Мысль о том, как ужасно мало ей потребовалось для того, чтобы опуститься до состояния безвольной куклы, привела девушку в ужас. Подумать только! Не прошло ещё и трое суток — а она уже отказывается от своего тела!
Катя принялась кричать. Она пела песни и выкрикивала матерные ругательства. Звала маму и проклинала похитителей. Но непослушные губы лишь слегка кривились в уродливых гримасах. То, что должно было быть оглушительно громким воплем, превращалось в сиплое хрипение чуть громче комариного жужжания. Слипшиеся в комок лёгкие не расправлялись в полную силу. Сердце стучало медленно и натужно, как погружённое в вязкую жижу. Катин мозг, неожиданно оказавшийся запертым в черепной коробке, истерически отдавал один приказ за другим. Приседай! Вытягивай руки! Делай мельницу! Прыгай!
Сперва ничего не происходило. Как поломанная заводная игрушка, Катино тело кружило по комнате на негнущихся ногах. Её босые ступни до крови царапались о неровности бетонного пола.
Приседай!
С радостным изумлением девушка почувствовала, как дрогнули мышцы бёдер. По ногам, начиная от кончиков расцарапанных пальцев, расползалось, слабо покалывая кожу, тепло. Есть! Есть!
Приседай!
Приседай!
Приседайприседайприседайприседайприседа…
Внезапно прорезался голос, и Катя заорала чужим, хриплым и низким голосом:
— Приседай!
Колени подогнулись, словно её ударили, и девушка, не удержавшись, рухнула назад. На спине и ягодицах появились алые полосы, на которых моментально набухли крохотные бусинки кровавых капель. Но пленница всё равно рассмеялась. Эта, хотя и совсем небольшая, победа будила надежду. Неловко ворочая руками и ногами, как перевернувшаяся на спину черепаха, Катя смогла лечь на бок. Голова гудела от напряжения, губы и язык пересохли.

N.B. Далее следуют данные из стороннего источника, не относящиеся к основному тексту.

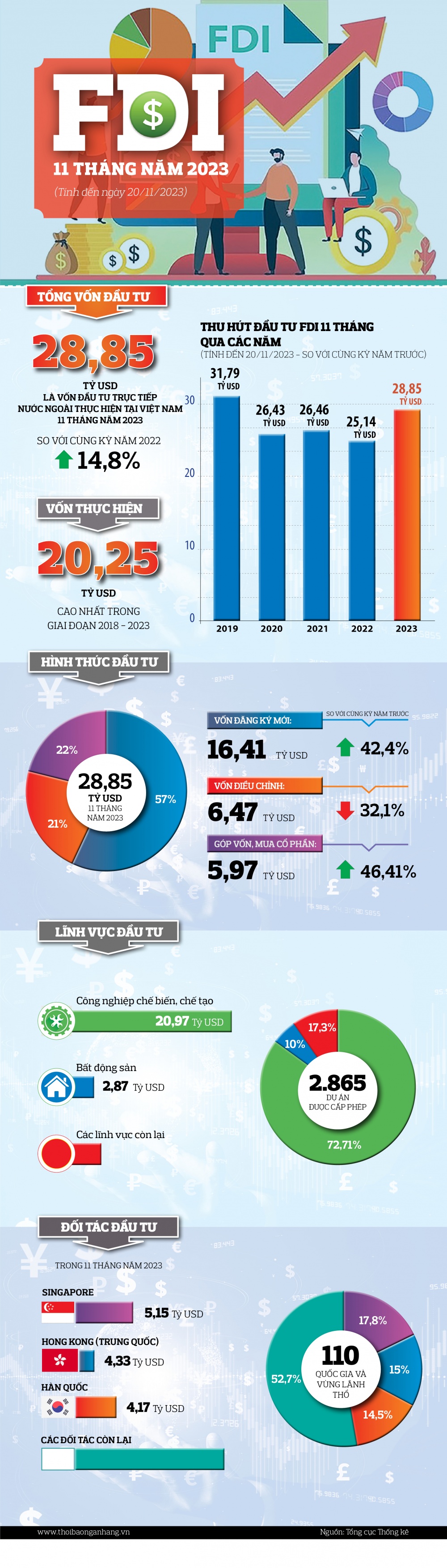 Tính từ đầu năm đến ngày 20/11/2023, tổng vốn đăng ký cấp mới, điều chỉnh và góp vốn mua cổ phần, mua phần vốn góp của nhà đầu tư nước ngoài đạt gần 28,85 tỷ USD, tăng 14,8% so với cùng kỳ năm ngoái. Vốn thực hiện của các dự án FDI đạt 20,25 tỷ USD, cao nhất trong giai đoạn 2018 - 2023.

«Неужели я так ослабла?..»
Скорее усилием воли, чем мышц, девушка заставила себя сесть на полу. Вернулось всё то, от чего она так стремилась сбежать: вонь, боль и страх. Но в то же время отступил холод, почти уже добравшийся до сердца, и от этого её мягкой волной накрыл восторг, близкий к эйфории. Холод почти добрался до сердца!

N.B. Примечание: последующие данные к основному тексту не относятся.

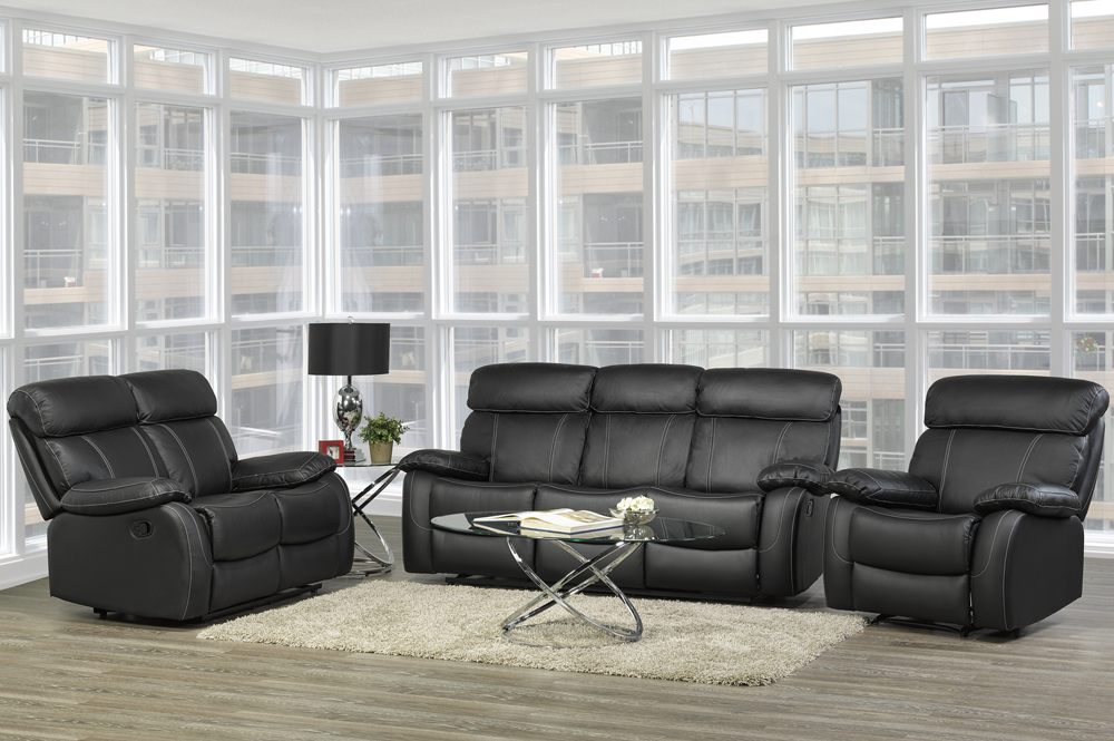 | T-1410-SET Reclining Sofa Set | Genuine Leather/Match | Black | |

— Да я почти что Кай! — выкрикнула Катя и громко расхохоталась.
Её резкий, грубый смех всё звучал и звучал, а пленница никак не могла остановиться. Уже заболело между рёбер, а перед глазами поплыли разноцветные круги, а Катя всё хохотала, всхлипывая и подвывая. Наконец, воздуха у неё в лёгких не осталось вовсе, и она забилась на полу, хрипло дыша.
— Кай… — в последний раз выдохнула Катя. — Кай…
Голова кружилась так сильно, что вставать в полный рост Катя уже не решалась. Истерика мало-помалу улеглась. С трудом поднявшись на четвереньки, девушка поползла к миске возле входа. Разварившаяся гречка, мягкие куриные кости и мутный бульон. Давно, сто или триста лет назад, или когда там у неё ещё не отняли нормальную жизнь, она бы и не посмотрела на это варево. Теперь же она пожирала его, жадно зачёрпывая грязными руками и с удовольствием чувствуя, как в животе зреет комок благословенного тепла.
«Я буду жить…» — думала девушка, перемалывая зубами липкие куриные кости. — «Буду жить, буду жить, буду жить…»
Она уже понимала, что не сможет выбраться из подвала, ничем не пожертвовав. Больше того, она уже была готова практически к любым жертвам ради своей свободы. И в её голове, на фоне повторяющегося «буду жить» и острого наслаждения от того, что в тело возвращается жизнь, зрел план. Не план гордого и шумного побега. От такого она отказалась быстро. Теперь, пробыв в камере достаточно долго, она понимала, что унижение — не самая большая цена, которую можно заплатить за освобождение.
47.
Андрей Семёнович пришёл в себя, всё так же сидя на табуретке перед давно погасшей печкой. Трусики пленницы он всё ещё стискивал в кулаке, и они насквозь промокли от впитавшегося в них пота. Сердце мужчины судорожно сжалось, и забилось учащённо, как это бывает у всех, кто проснулся куда позже, чем планировал.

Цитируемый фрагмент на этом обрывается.